Sensex and Nifty Bounce Back Despite Early Plunge on Tariff New
- wealnare
- Aug 7, 2025
- 1 min read
Indian equity markets staged a compelling turnaround today after a sharp opening slide triggered by U.S. tariff announcements. The Sensex fell by over 500 points at market open, wiping out approximately ₹1.61 lakh crore in investor wealth. But as derivatives expiry approached, the indices rebounded, closing modestly in green. Nifty50 ended near 24,600 and Sensex around 80,620—demonstrating robust late‑session buying. The recovery was propelled by late inflows into Nifty derivatives and broker assessments that downplayed the tariff shock, emphasizing that listed companies possess limited exposure to the affected export categories.

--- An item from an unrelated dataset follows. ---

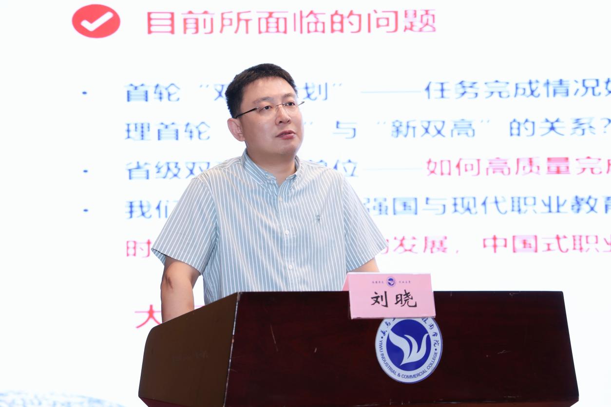 刘晓教授作题为《抓机遇谋发展寻突破——对“新双高”产教融合工作的展望与思考》的专题报告。报告从“新双高”建设所面临的问题切入,从“职业教育改革的‘顶层设计’”“高等职业教育发展的时代内涵”“职业教育的历史使命”“‘新双高’的展望和思考”四个方面,论述了产教融合在职业教育中的核心地位和作用,深入探讨了职业教育与区域产业发展同频共振的内涵与路径。

Sector rotation played out visibly: IT and pharma names led gains, reversing early losses, while real‑world export names such as Adani Ports and HUL remained under selling pressure. Mid‑ and small‑cap indices also nudged higher, affirming breadth. Market commentary highlighted the expiry dynamics as a stabilizing force, and experts forecast that between now and August 27, diplomatic interventions could soften tariff impact. With global sentiment fragile, India’s internal market confidence coupled with RBI support helped firms maintain valuations, underscoring the buffer provided by domestic demand and monetary policy stability.